TASK TO COMPLETE →
Return every record below exactly; leave out the images.

^^^^^^^^

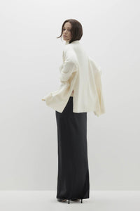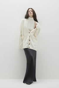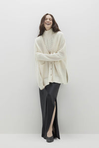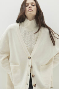 The Lauren Cardigan offers a relaxed boyfriend fit with a classic button-front design. It features practical pockets and stylish side slits. The ribbed trim details enhance its sophisticated look, making it a versatile and cozy addition to any wardrobe.
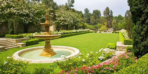 臺(tái)地、雕塑、噴泉、臺(tái)階水瀑、整形植物。特點(diǎn):多采用中軸對(duì)稱形式,開(kāi)辟一層層的臺(tái)地、噴泉、雕像等,植物選擇上突出常綠樹(shù)而少用鮮花。
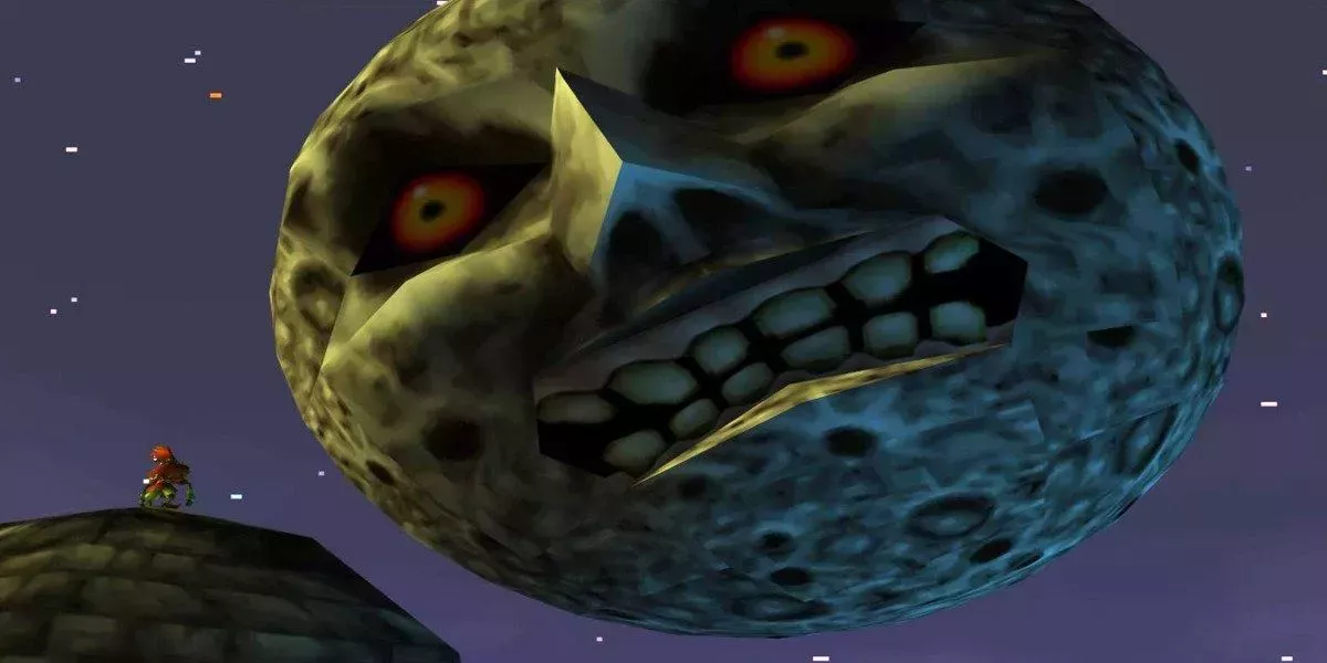 Majora's Mask de Nintendo 64 sigue siendo una de las entradas más memorables de la serie debido a su temática inusualmente aterradora. La lúgubre inevitabilidad de una luna horripilante que se estrella contra el mundo es mucho para asimilar, pero Majora se nutre del terror y el caos.
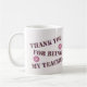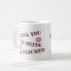 Offrez à votre professeur un café ou une tasse de thé unique à la fin de l'année scolaire ou pendant les vacances. Cette tasse rose et violet présente les mots "Merci pour être mon professeur" dans un motif en mosaïque rose et violet avec deux fleurs roses vives. La solide couleur arrière - plan est rose pâle et peut être customisée si vous le désirez.
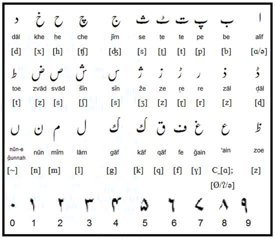 Urdu script is written from right to left, while numerals are written from left to right; this is the reason Urdu is considered as one of the bidirectional languages [6]. Urdu script consists of 38 basic letters and 10 numeric letters, as shown in Figure 1. This character set is also considered a superset of some other Urdu-based script, i.e., Arabic contains 28 and Persian contains 32 characters [30]. Furthermore, the Urdu script also contains some additional characters to express the Hindi phonemes. Both Hindi and Urdu languages [30] share the same phonology with only a difference in written script. All Urdu-script-based languages such as Arabic and Persian have some unique characteristics, i.e., (i) the script of these languages is written from right to left in cursive style, and (ii) the script of these languages is context sensitive, i.e., written in the form of ligatures, which is a combination of a single or more characters. Due to this context sensitivity, most of the characters have different shapes depending on their position and the adjoining character in the word [7]. The connectivity of characters [31] has enriched the Urdu vocabulary with almost 24,000 ligatures.
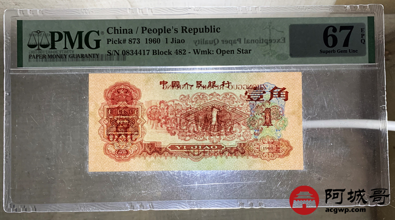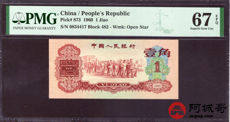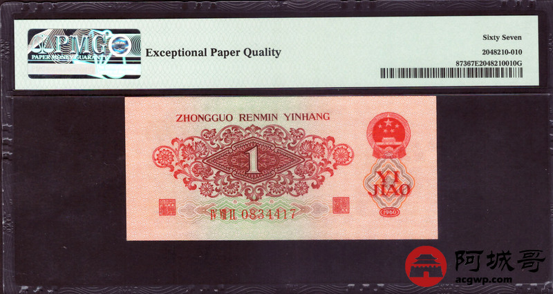 Lot:10 三版 1960年 中国人民银行枣红壹角 PMG 67EPQ

^^^^^^^^

RESPONSE →
 The Lauren Cardigan offers a relaxed boyfriend fit with a classic button-front design. It features practical pockets and stylish side slits. The ribbed trim details enhance its sophisticated look, making it a versatile and cozy addition to any wardrobe.
 臺(tái)地、雕塑、噴泉、臺(tái)階水瀑、整形植物。特點(diǎn):多采用中軸對(duì)稱形式,開(kāi)辟一層層的臺(tái)地、噴泉、雕像等,植物選擇上突出常綠樹(shù)而少用鮮花。
 Majora's Mask de Nintendo 64 sigue siendo una de las entradas más memorables de la serie debido a su temática inusualmente aterradora. La lúgubre inevitabilidad de una luna horripilante que se estrella contra el mundo es mucho para asimilar, pero Majora se nutre del terror y el caos.
 Offrez à votre professeur un café ou une tasse de thé unique à la fin de l'année scolaire ou pendant les vacances. Cette tasse rose et violet présente les mots "Merci pour être mon professeur" dans un motif en mosaïque rose et violet avec deux fleurs roses vives. La solide couleur arrière - plan est rose pâle et peut être customisée si vous le désirez.
 Urdu script is written from right to left, while numerals are written from left to right; this is the reason Urdu is considered as one of the bidirectional languages [6]. Urdu script consists of 38 basic letters and 10 numeric letters, as shown in Figure 1. This character set is also considered a superset of some other Urdu-based script, i.e., Arabic contains 28 and Persian contains 32 characters [30]. Furthermore, the Urdu script also contains some additional characters to express the Hindi phonemes. Both Hindi and Urdu languages [30] share the same phonology with only a difference in written script. All Urdu-script-based languages such as Arabic and Persian have some unique characteristics, i.e., (i) the script of these languages is written from right to left in cursive style, and (ii) the script of these languages is context sensitive, i.e., written in the form of ligatures, which is a combination of a single or more characters. Due to this context sensitivity, most of the characters have different shapes depending on their position and the adjoining character in the word [7]. The connectivity of characters [31] has enriched the Urdu vocabulary with almost 24,000 ligatures.
 Lot:10 三版 1960年 中国人民银行枣红壹角 PMG 67EPQ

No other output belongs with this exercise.